Action item –
The entries below contain pictures, which are to be left out; write out exactly, and only, the lines from the line with "LAPTOP, DELL LATITUDE" up to and including the line with "從2021年到2023年。計".

Material shown –
--

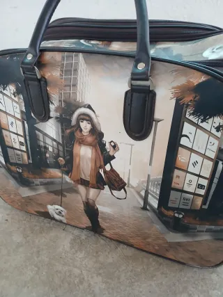 Maleta de viaje con un diseño artístico único que presenta una escena de anime. - Ilustración detallada de una chica paseando con su perro. - Fondo urbano con edificios y palmeras. - Asas de cuero sintético para un agarre cómodo.
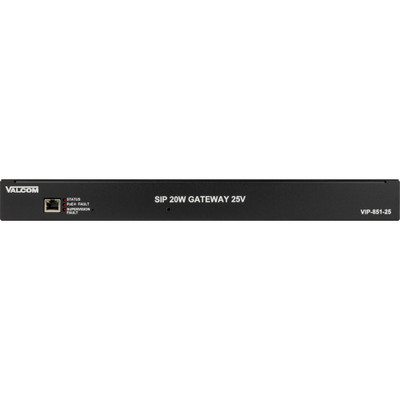 Get an IP gateway for use with Singlewire InformaCast paging systems. Valcom VIP-851-25-IC enables voice access to one zone of one-way paging over the IP network, which lets you extend paging zones and improve the coverage of your paging system. This gateway has a port to provide a line-level signal that can drive up to 40 compatible self-amplified speakers. It has another port that is a 25-Volt output for providing up to 20-Watts of audio power. VIP-851-25-IC is made from steel with a black powder coated finish. It can be wall or rack mounted. Power it via POE (Power Over Ethernet).
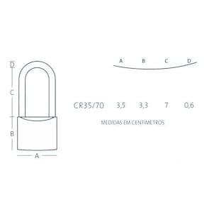 Acompanha: 01 Cadeado haste longa 35x70mm com 2 chaves Land. Marca: LAND
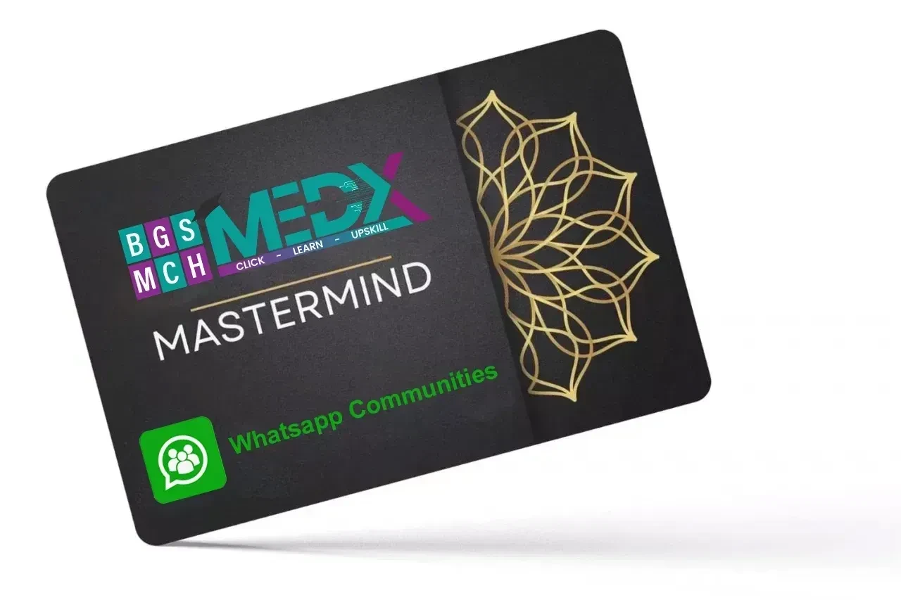 "Access our BGS MCH MedX Mastermind WhatsApp Group and Communities for valuable discussions, interactions, and contributions from our community members. Learn and engage with peers to enhance your knowledge."
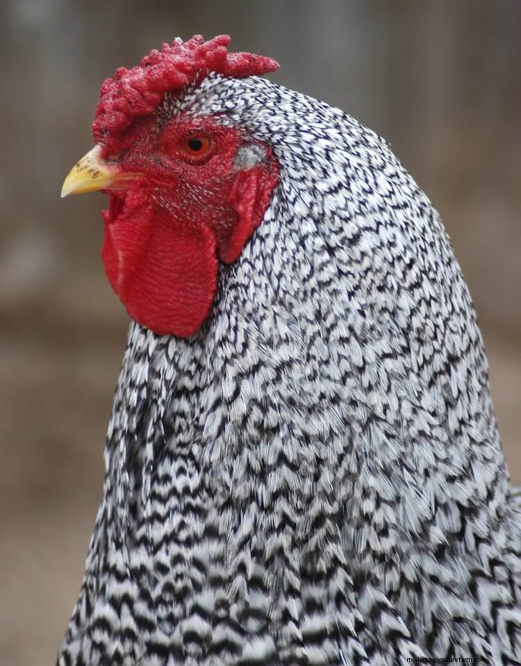 Another way to tell the Dominique and Plymouth Rock apart is their barred pattern – however this is more difficult to spot. The Plymouth Rock’s barred patterning is very crisp and true black/white while the Dominique has a more jagged pattern with less contrast between the black and white colors.
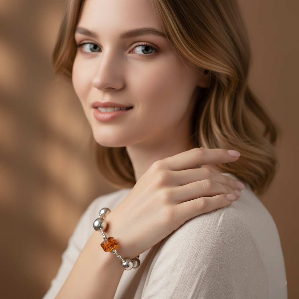 Bransoletka z koniakowym bursztynem - Unikatowa Biżuteria z Bursztynem Bałtyckim
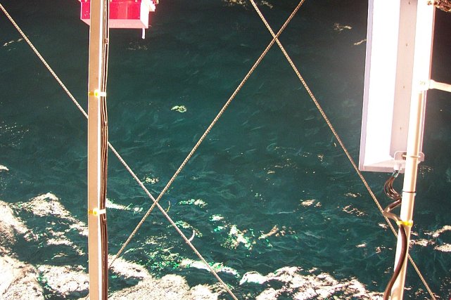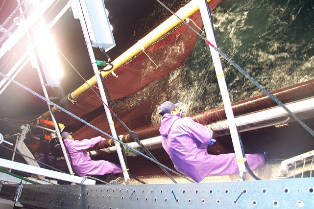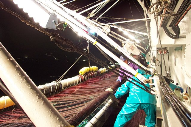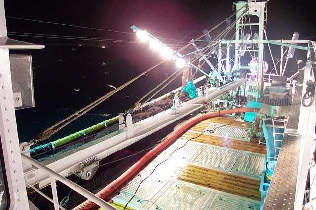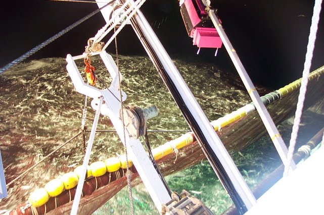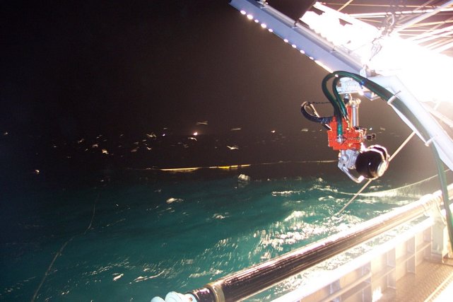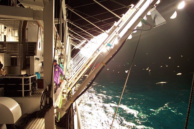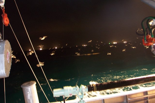 網入れのタイミングを計っているのか、 ソナーと船首での探索ライト・脇の海面を見つめ・・・
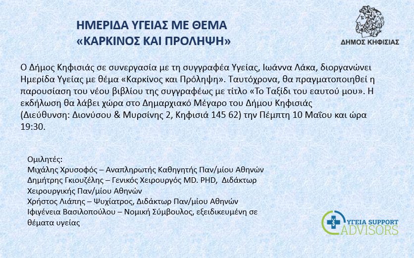 Ο Δήμος Κηφισιάς σε συνεργασία με τη συγγραφέα Υγείας, Ιωάννα Λάκα, διοργανώνει Ημερίδα Υγείας με θέμα «Καρκίνος και Πρόληψη». Ταυτόχρονα, θα πραγματοποιηθεί η παρουσίαση του νέου βιβλίου της συγγραφέως με τίτλο «Το Ταξίδι του εαυτού μου». Η εκδήλωση θα λάβει χώρα στο Δημαρχιακό Μέγαρο του Δήμου Κηφισιάς την Πέμπτη 10 Μαΐου και ώρα 19:30.
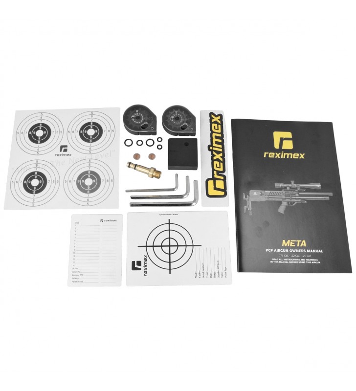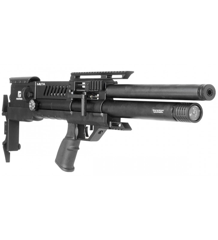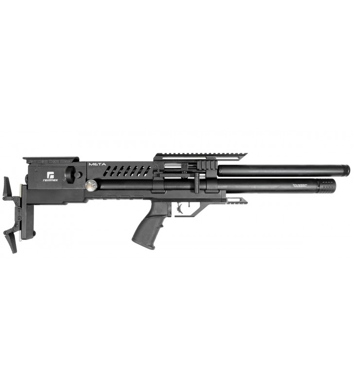 Reximex Meta, nowoczesna wiatrówka PCP w znanej z przesunięcia komory i magazynika za spust wersji bullpup. Poprzez zastosowanie układu bezkolbowego, uzyskano kompaktowe wymiary karabinu, przy zachowaniu normalnej długości lufy gwarantującej celność i zasięg oraz typową dla tej konstrukcji redukcję wagi dla lepszej kontroli. Wiatrówkę wyposażono w dźwignię napinania Side Lever, regulator mocy strzału, regulowaną w 3 płaszczyznach stopkę, monopod oraz lufę ze zintegrowanym tłumikiem dźwięku.
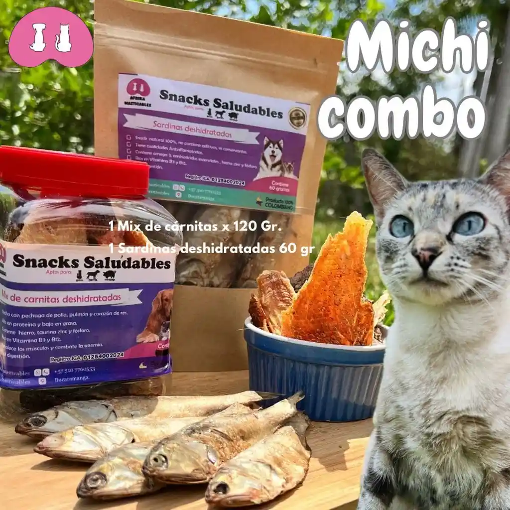 CONTIENE: 1 MIX DE CARNITAS X 120 G Y 1 SARDINAS DESHIDRATADAS. Pensado en gatos exigentes!!! El mix de carnitas es multivitamínico rico en taurina, aminoácido escencial en la dieta de los gatos; a su vez nuestras sardinas deshidratadas son una fuente de Omega 3 y 6 ideal para fortalecer su sistema inmunológico y cardiovascular
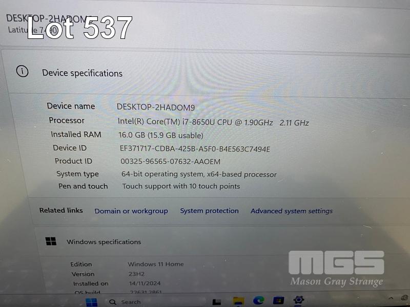 LAPTOP, DELL LATITUDE 7490, CORE i7 8650U (8TH GEN) @ 1.9GHz, 16GB DDR4 RAM, 512GB NVMe M.2 SSD, 14" TOUCHSCREEN (1920x1080), INTEL UHD GRAPHICS 620, Wi-Fi, BLUETOOTH, WINDOWS 11 HOME INSTALLED & POWER SUPPLY (NOTE: SWOLLEN BATTERY) S/N:14R2RV2
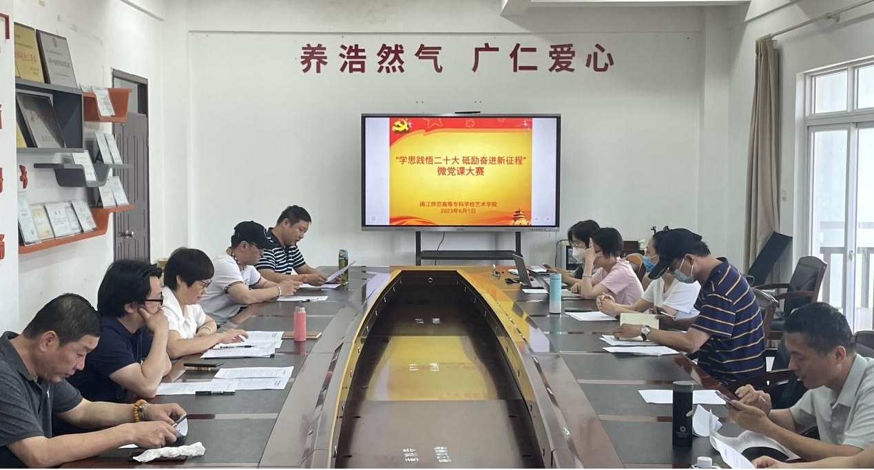 为推动习近平新时代中国特色社会主义思想入脑入心,营造学习贯彻党的二十大精神的浓厚氛围,6月1日上午,艺术学院于甘蔗校区4楼会议室开展以“学思践悟二十大砥励奋进新征程”为主题的微党课比赛,比赛由党委组织委员林理杰主持,党政联席会成员、部分党员代表参加。
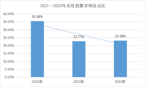 從2021年到2023年。計算機專業(yè)只招收女性的崗位數(shù)量不多,只有個位數(shù)。
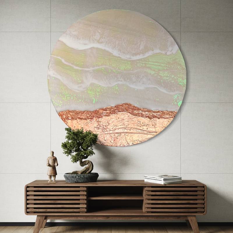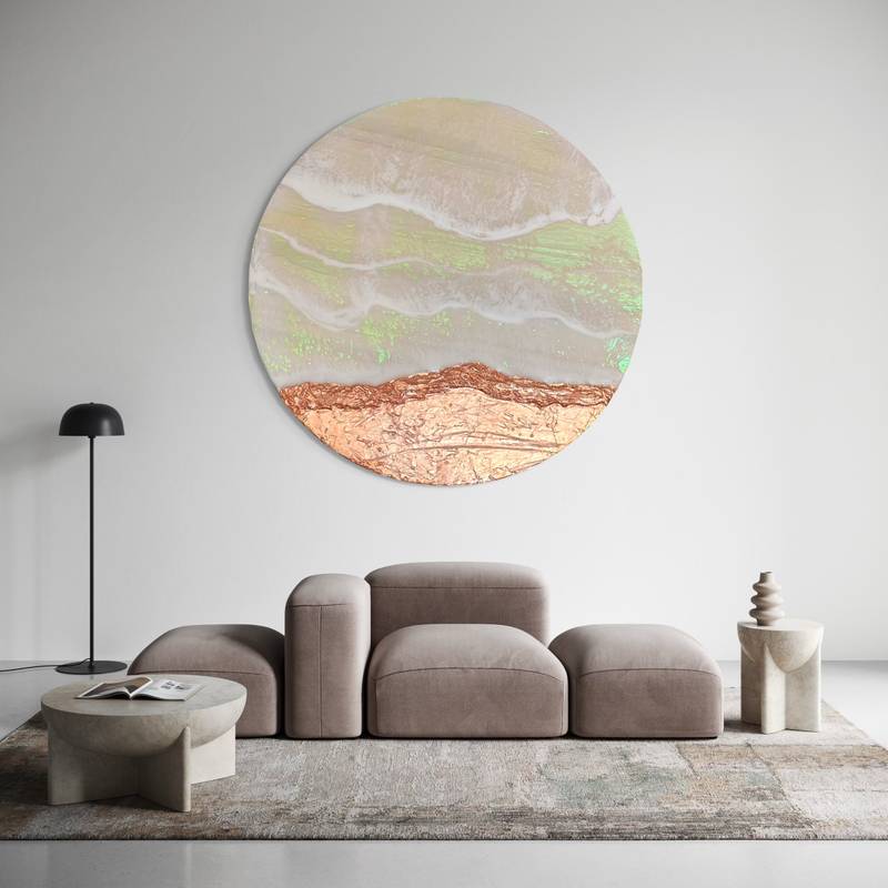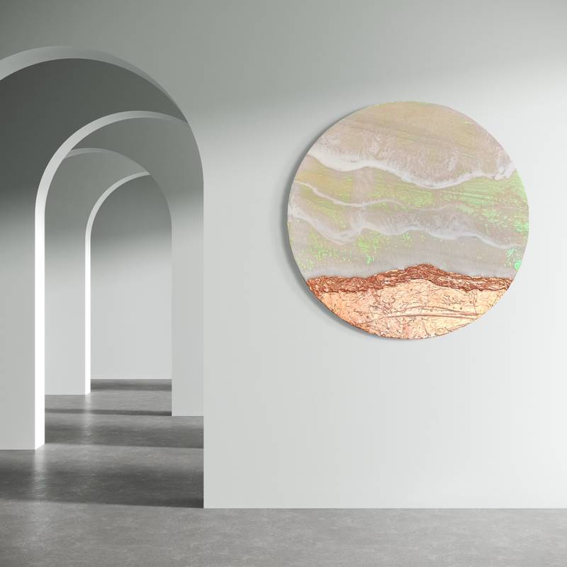 Contrasting the luminous waters, the striking copper cliffs rise with bold texture and depth. Their rich, earthy hues range from deep bronze to hints of burnished gold, reflecting the raw strength of the land. The jagged edges, adorned with metallic leafing, add a sense of rugged elegance, reminiscent of Germany’s coastal landscapes. This fusion of fluidity and solidity creates a captivating harmony, where land and sea meet in a timeless, artistic expression of nature’s grandeur.
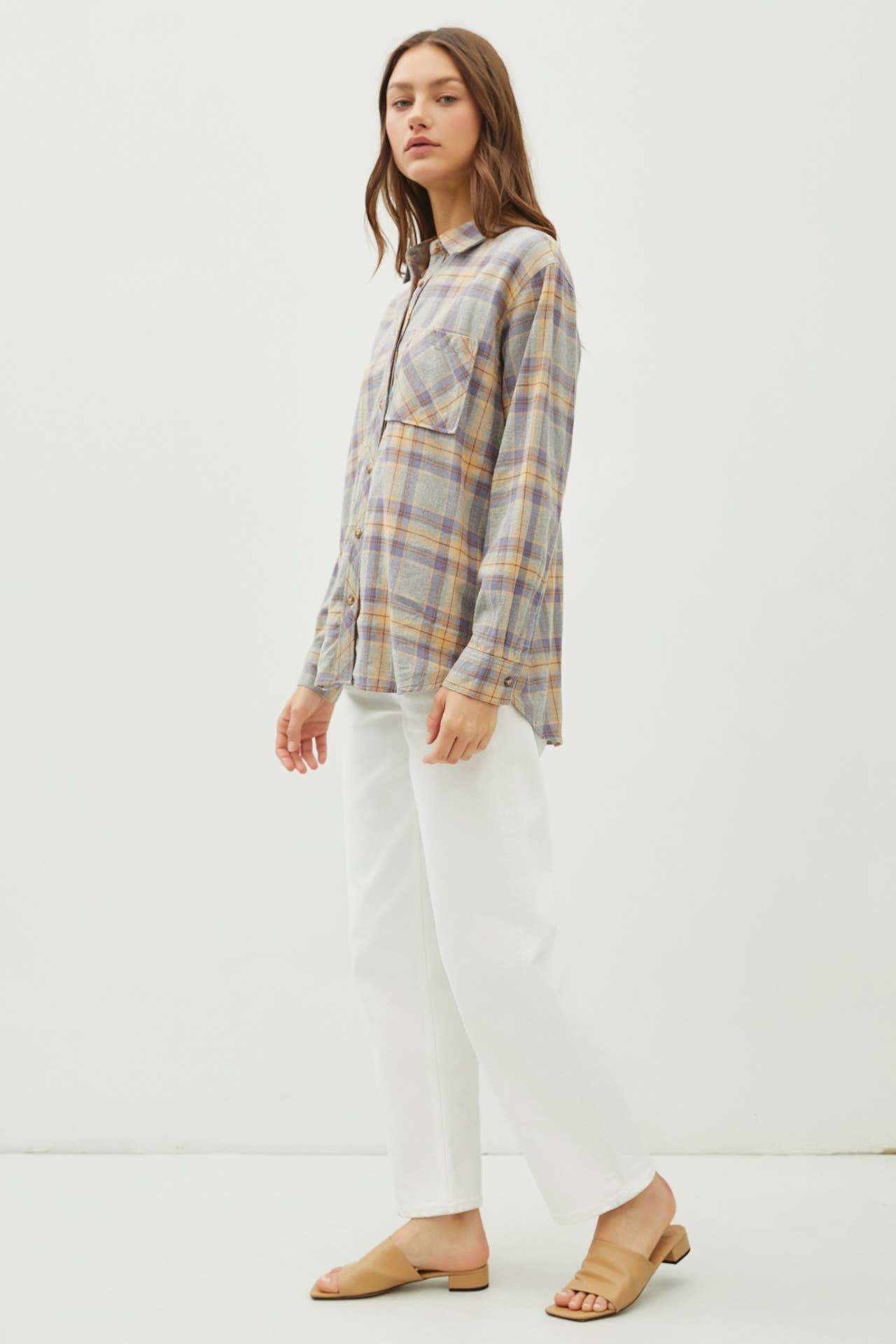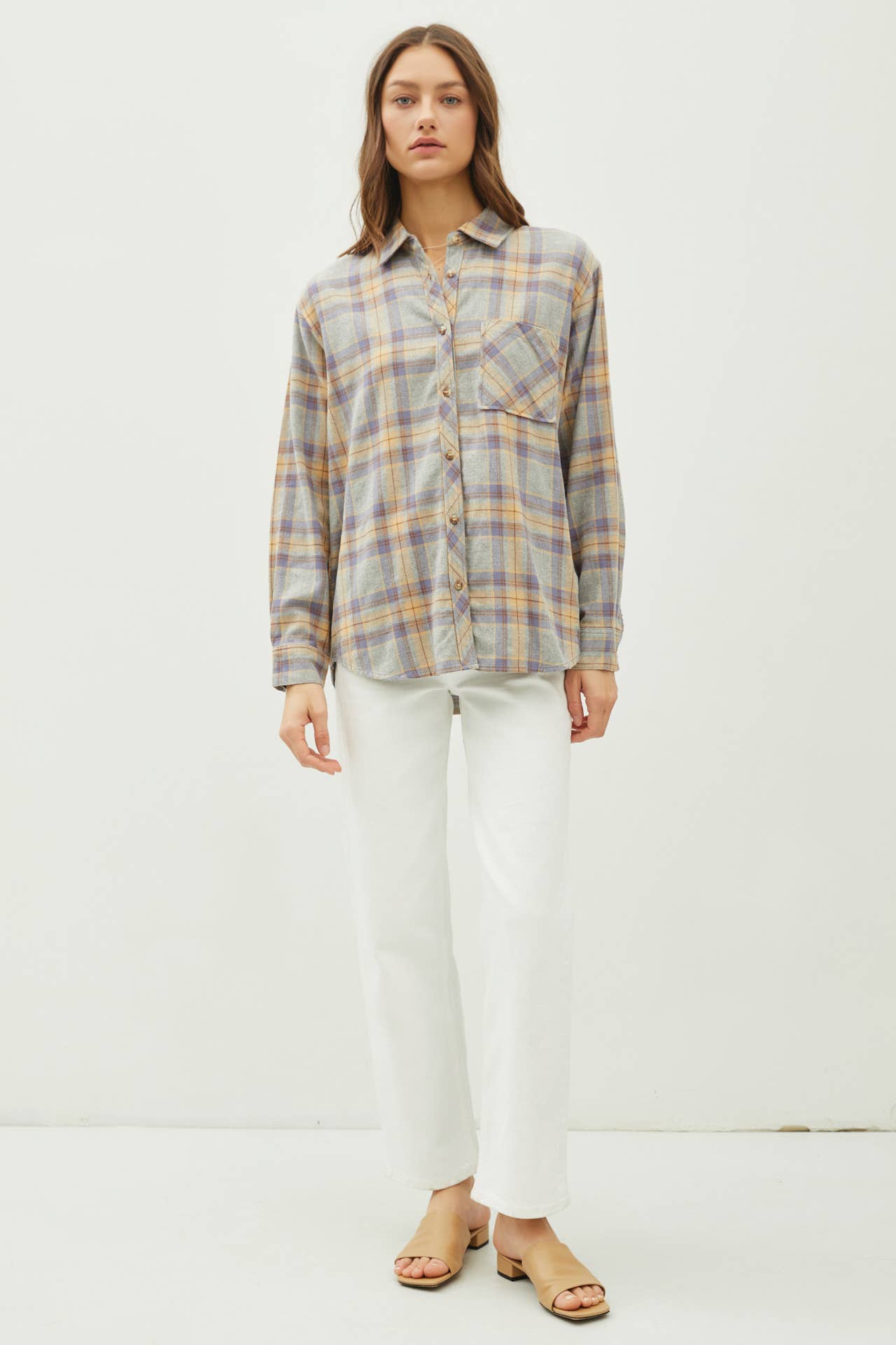 Looking for cozy comfort with a touch of style? Our NO COMPARISON OVERSIZED PLAID FLANNEL has got you covered. Crafted from ultra soft lightweight fabric in Heather Grey, Slate Blue, Beige, and Rust Plaid, this button down features a cuffed sleeves, collar, and single front pocket. (Stay warm and trendy all season long!)
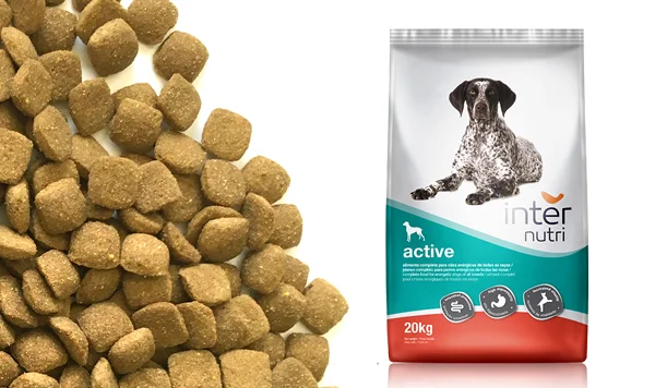 Complete feed for active adult dogs.

--

Output of the task –
 LAPTOP, DELL LATITUDE 7490, CORE i7 8650U (8TH GEN) @ 1.9GHz, 16GB DDR4 RAM, 512GB NVMe M.2 SSD, 14" TOUCHSCREEN (1920x1080), INTEL UHD GRAPHICS 620, Wi-Fi, BLUETOOTH, WINDOWS 11 HOME INSTALLED & POWER SUPPLY (NOTE: SWOLLEN BATTERY) S/N:14R2RV2
 为推动习近平新时代中国特色社会主义思想入脑入心,营造学习贯彻党的二十大精神的浓厚氛围,6月1日上午,艺术学院于甘蔗校区4楼会议室开展以“学思践悟二十大砥励奋进新征程”为主题的微党课比赛,比赛由党委组织委员林理杰主持,党政联席会成员、部分党员代表参加。
 從2021年到2023年。計算機專業(yè)只招收女性的崗位數(shù)量不多,只有個位數(shù)。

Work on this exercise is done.